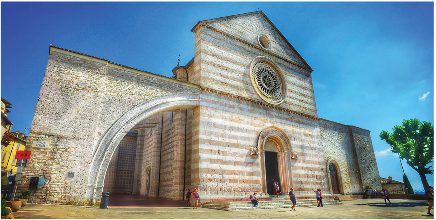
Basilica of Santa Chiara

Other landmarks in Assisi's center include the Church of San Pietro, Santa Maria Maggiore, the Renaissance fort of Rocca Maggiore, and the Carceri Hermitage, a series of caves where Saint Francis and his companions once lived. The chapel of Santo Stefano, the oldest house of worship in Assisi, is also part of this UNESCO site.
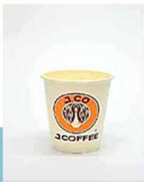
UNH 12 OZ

::::::::

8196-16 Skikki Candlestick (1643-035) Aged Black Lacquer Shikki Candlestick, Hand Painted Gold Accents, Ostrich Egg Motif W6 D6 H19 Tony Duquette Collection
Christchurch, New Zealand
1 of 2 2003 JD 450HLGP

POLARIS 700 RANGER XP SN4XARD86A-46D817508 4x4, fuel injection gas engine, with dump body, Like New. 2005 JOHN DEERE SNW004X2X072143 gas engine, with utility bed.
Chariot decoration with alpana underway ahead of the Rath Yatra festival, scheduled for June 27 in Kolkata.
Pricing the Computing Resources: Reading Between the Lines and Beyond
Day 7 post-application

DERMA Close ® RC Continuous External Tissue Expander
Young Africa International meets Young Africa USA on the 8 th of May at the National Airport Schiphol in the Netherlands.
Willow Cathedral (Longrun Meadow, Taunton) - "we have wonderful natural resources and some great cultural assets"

::::::::

▶ ACTION ITEM:
Output the lines of the records above exactly as they appear, from the line containing "Day 7 post-application" through the line containing "Willow Cathedral (Longrun".

▶ TASK SOLUTION:
Day 7 post-application

DERMA Close ® RC Continuous External Tissue Expander
Young Africa International meets Young Africa USA on the 8 th of May at the National Airport Schiphol in the Netherlands.
Willow Cathedral (Longrun Meadow, Taunton) - "we have wonderful natural resources and some great cultural assets"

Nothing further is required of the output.